Best Affordable Towns
BusinessWeek teamed up with OnBoard Informatics, a Manhattan-based provider of real estate analysis, to come up with our list of each state’s best affordable towns for raising children. Mount Prospect just squeezed out several other Cook County (Ill.) communities, many of which also ranked high. The most important factors in our analysis were school performance, affordability, and safety. But we also gave weight to cost of living, air quality, job growth, racial diversity, and local parks, ball fields, zoos, recreation centers, museums, and theaters.
We knocked out towns with populations of fewer than 50,000 and median household incomes of less than $40,000 or more than $100,000. And we ended up with a list that included some well-known places such as Phoenix, Columbus, Ohio, and Ann Arbor, Mich. But we also found some hidden gems such as Euless, Tex. smack in between Dallas and Fort Worth, which according to Sports Illustrated has the nation’s top-ranked high school football team, and Murfreesboro, Tenn. a college town outside Nashville.
It wasn’t a perfect list.

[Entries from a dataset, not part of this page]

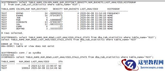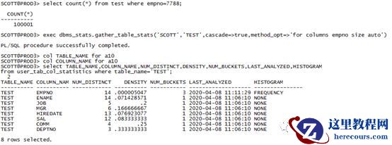 col TABLE_NAME for a10col COLUMN_NAME for a10select TABLE_NAME,COLUMN_NAME,NUM_DISTINCT,DENSITY,NUM_BUCKETS,LAST_ANALYZED,HISTOGRAM from user_tab_col_statisticswhere table_name='TEST';
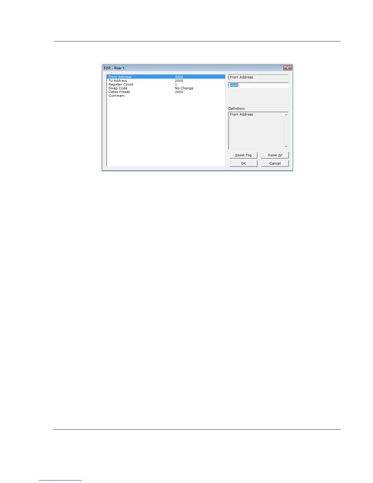 This address can be any valid address in the user data area or the status data
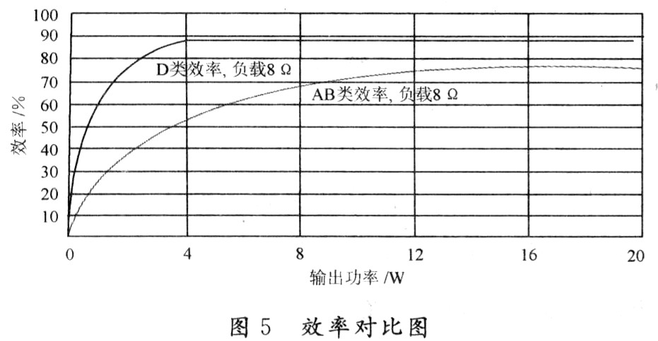 由上述公式得知,D類功放中負(fù)載RL,相對(duì)其他電阻,比值越大效率越高;MOSFET作為續(xù)流開關(guān),所消耗的功率幾乎等于MOSFET導(dǎo)通阻抗上I2RON損耗和靜態(tài)電流總和,相比較輸出到負(fù)載的功率幾乎可忽略。所以,其效率遠(yuǎn)高于線性功放,如圖5所示。非常適應(yīng)現(xiàn)今綠色節(jié)能的要求,適合被平板等數(shù)字視聽產(chǎn)品規(guī)模使用。

Our population threshold of 50,000 people limited our options in less-populous states such as Delaware, Vermont, and West Virginia. But our criteria helped us find ethnically and culturally diverse places with the kind of amenities that are more often found in population centers. We have 19 parks and have one park for all ball fields so mothers don’t have to scramble from one park to another with their children, said Mary Lib Saleh, who has been mayor of Euless for 15 years. We are a city of 54,000 and have almost 100 floats in the Christmas parade—as many as Fort Worth or Dallas. We just have a community, and people really love Euless.
College Town
Murfreesboro, home to Middle Tennessee State University, the largest undergraduate university in the state, hosts a jazz and a folk music festival in the summer and most major high school sports championships. It has expansive sports fields, including a new $13 million soccer complex. The economic downturn has started to hurt Murfreesboro as it has other parts of the country. But college towns tend to ride out recessions better than most places because education is somewhat recession-proof. We have a small town feel with big city amenities right here in our community being a city of 100,000 people, said Rob Lyons, deputy city manager for Murfreesboro. And Nashville being a half hour drive away opens up other recreational, cultural opportunities, and professional sports.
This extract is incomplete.